We read with great interest the series by Panagiotopoulos et al in this issue of the American Journal of Neuroradiology.1 They reported the results of brain arteriovenous malformation (AVM) embolization by using ethylene-vinyl alcohol copolymer (Onyx; eV3, Irvine, Calif). In their series, 82 patients were embolized during 119 sessions. Angiographic “cure” (defined as no residual shunt surgery seen) was 24.4% initially, but dropped to 19.5% at follow-up, when 4 angiographic recurrences were seen. They reported an overall 11.3% rate of permanent disabling deficit or death. Additional treatment including open microsurgical resection and stereotactic radiosurgery has been performed in 63% of their patients, with others awaiting definitive treatment. We commend the authors on their thorough and honest analysis of their results.

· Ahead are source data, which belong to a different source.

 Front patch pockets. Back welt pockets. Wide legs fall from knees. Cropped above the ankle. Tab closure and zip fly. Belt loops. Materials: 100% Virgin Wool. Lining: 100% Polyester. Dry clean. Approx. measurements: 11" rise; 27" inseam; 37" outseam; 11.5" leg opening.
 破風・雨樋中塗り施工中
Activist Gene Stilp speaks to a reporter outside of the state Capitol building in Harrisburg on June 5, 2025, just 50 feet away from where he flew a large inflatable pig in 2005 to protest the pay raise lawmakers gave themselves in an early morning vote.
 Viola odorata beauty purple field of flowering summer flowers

However, several concerns are evident regarding the overall role of embolization in the treatment of brain AVMs and the use of Onyx in particular.

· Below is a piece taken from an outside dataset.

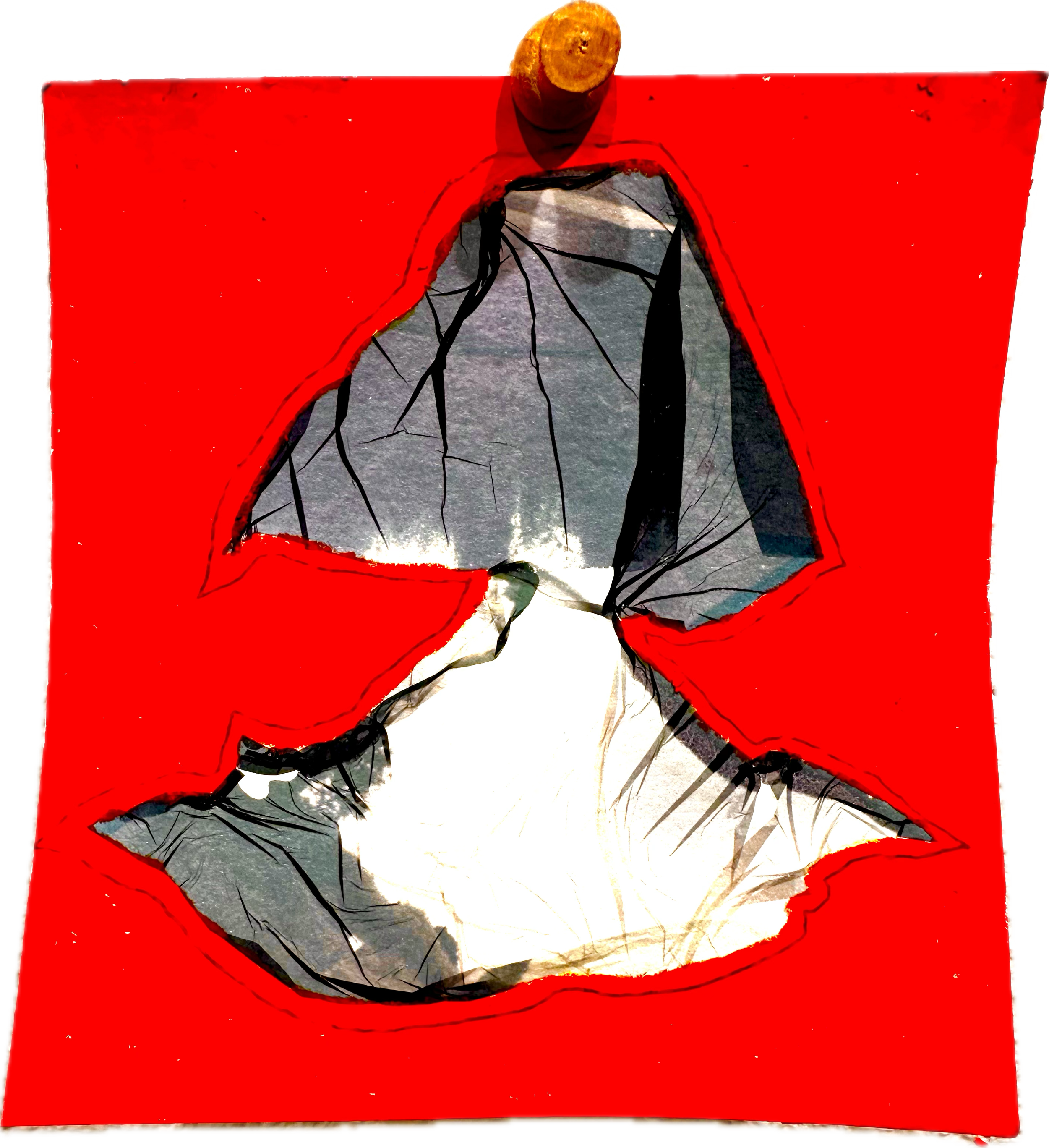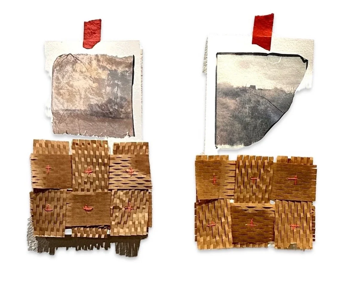 Polaroid transfer, Honeycomb packing paper, thread, on watercolor paper

The goal of treatment of brain AVMs should be complete obliteration of the nidus to prevent future hemorrhage. Currently, microsurgical resection, stereotactic radiosurgery, and endovascular embolization are used, often in combination, to achieve that goal. Any treatment plan should attempt to provide a high rate of cure with a low rate of complications. AVM embolization is now primarily performed with liquid embolic agents, Onyx and n-butyl cyanoacrylate (n-BCA; Trufill, Cordis, Miami Lakes, Fla). The handling characteristics of these materials are in many ways polar opposites. Onyx is injected in a slow fashion, with 30-minute injections not uncommon. This is in sharp contrast to n-BCA, for which the injection rarely takes longer than a minute. It is this slow injection of Onyx, with the potential for deeper nidal penetration, in conjunction with its cohesive but not adhesive nature, that is often described as advantageous over n-BCA1–8 in both initial reports and several recent large series. As a result, many centers have changed their goal of embolization from adjunctive therapy before surgery or radiosurgery to primary curative attempts with embolization with Onyx.2,3,5,7,8 However, although the overall cure rates in these series have varied, none have demonstrated cure for most of their patients (Table). In addition, the permanent disabling morbidity or mortality rates have been higher than those in several recent large series using predominantly or exclusively n-BCA,9–12 which have ranged from 1.6% to 6.5%. Embolization for cure was not the primary aim in most patients treated in these series.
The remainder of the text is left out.